Start of Input records
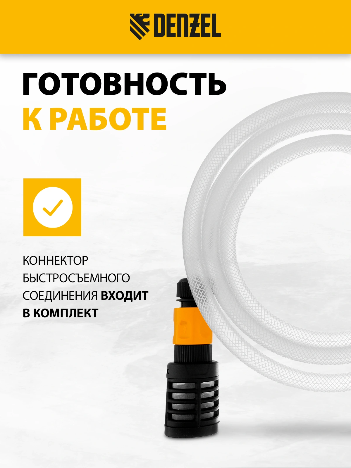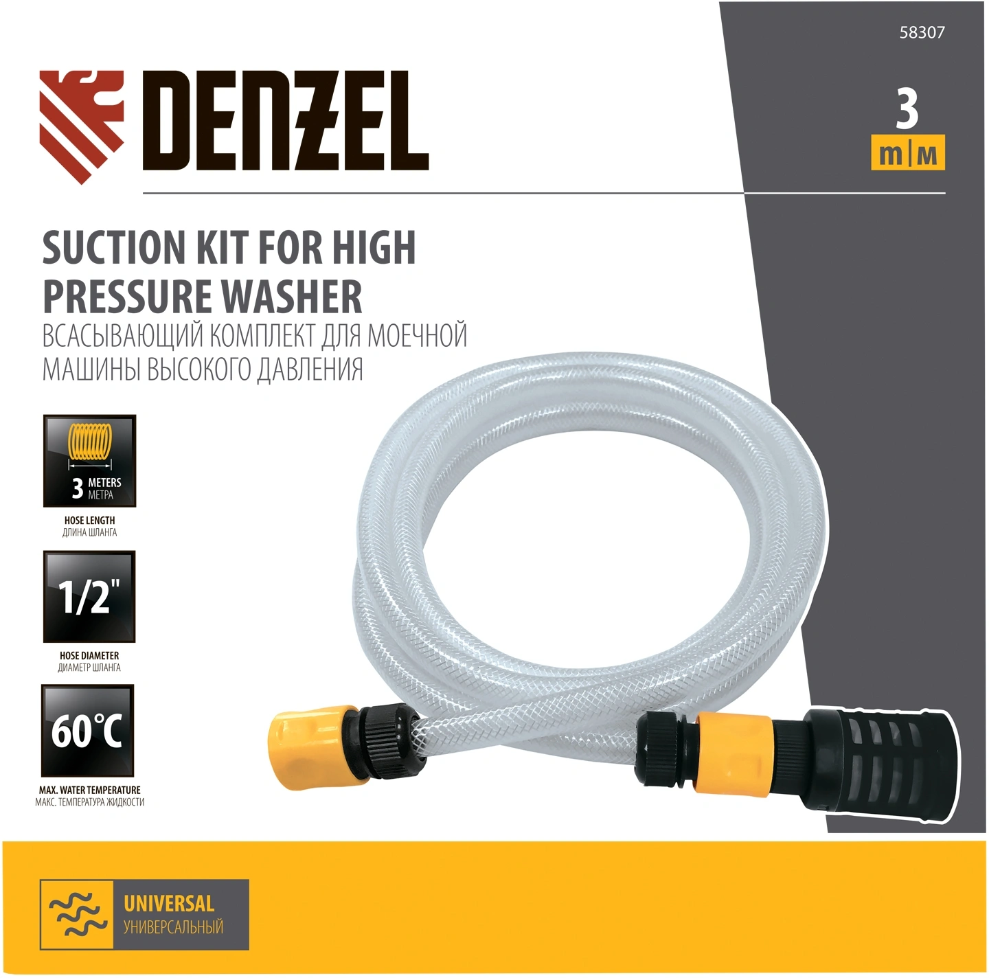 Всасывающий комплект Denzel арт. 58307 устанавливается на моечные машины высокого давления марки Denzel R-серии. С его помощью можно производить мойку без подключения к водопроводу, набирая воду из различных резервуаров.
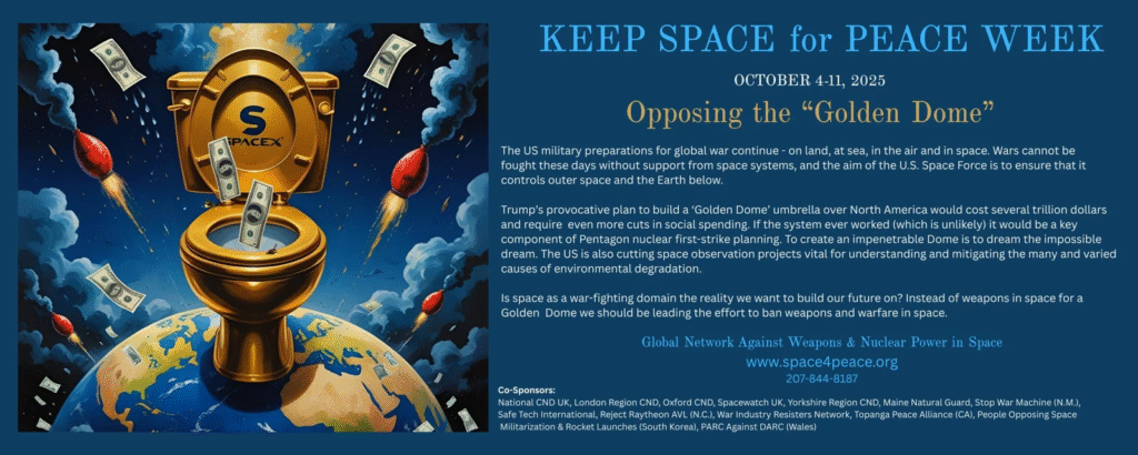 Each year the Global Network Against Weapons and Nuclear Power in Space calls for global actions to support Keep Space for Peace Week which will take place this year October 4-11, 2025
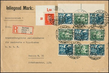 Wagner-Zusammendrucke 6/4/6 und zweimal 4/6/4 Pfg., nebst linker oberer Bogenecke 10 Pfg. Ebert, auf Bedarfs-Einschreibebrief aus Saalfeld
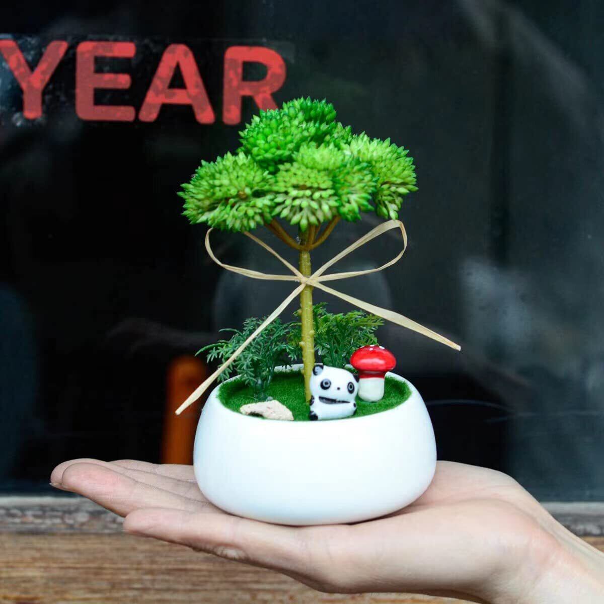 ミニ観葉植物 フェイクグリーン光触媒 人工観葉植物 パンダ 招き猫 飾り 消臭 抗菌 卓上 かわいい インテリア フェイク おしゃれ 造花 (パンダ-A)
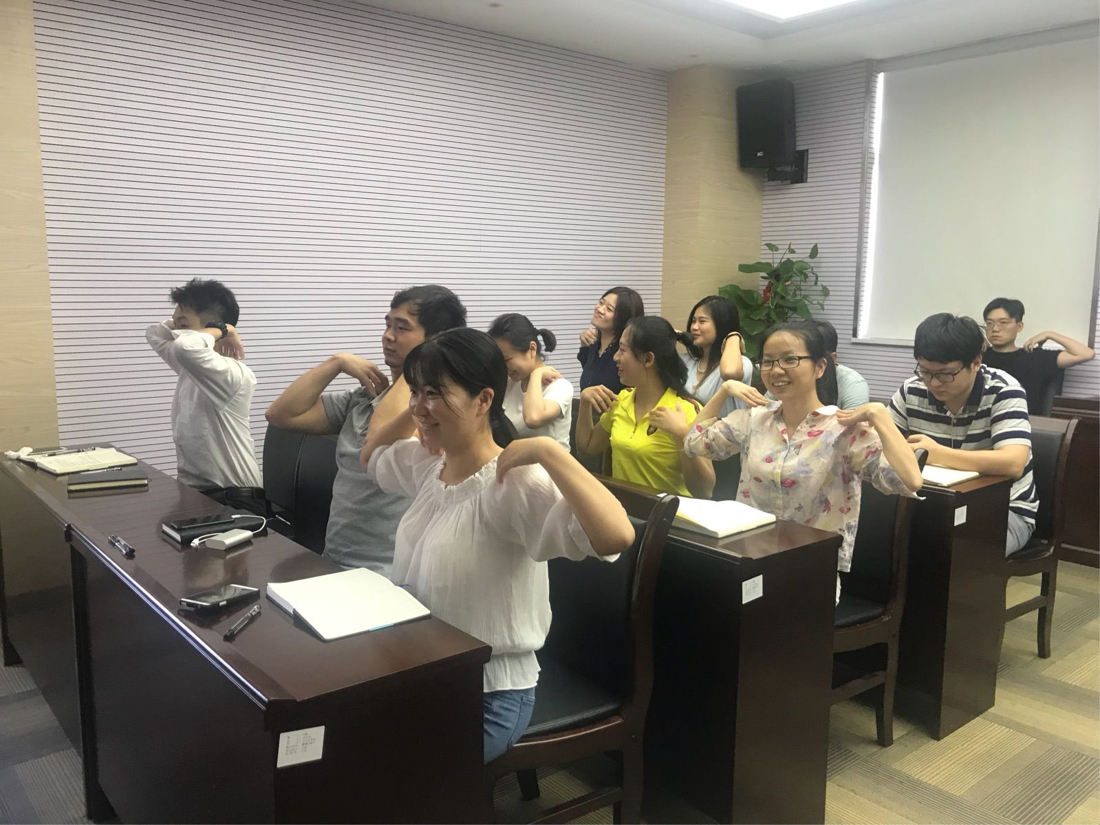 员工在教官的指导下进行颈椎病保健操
End of Input records
→ What is needed
Working from the line containing "ミニ観葉植物 フェイクグリーン光触媒 人工観葉植物" to the last line of the data, retype every line exactly, both ends included, and leave out all pictures.

→ Output of the exercise
 ミニ観葉植物 フェイクグリーン光触媒 人工観葉植物 パンダ 招き猫 飾り 消臭 抗菌 卓上 かわいい インテリア フェイク おしゃれ 造花 (パンダ-A)
 员工在教官的指导下进行颈椎病保健操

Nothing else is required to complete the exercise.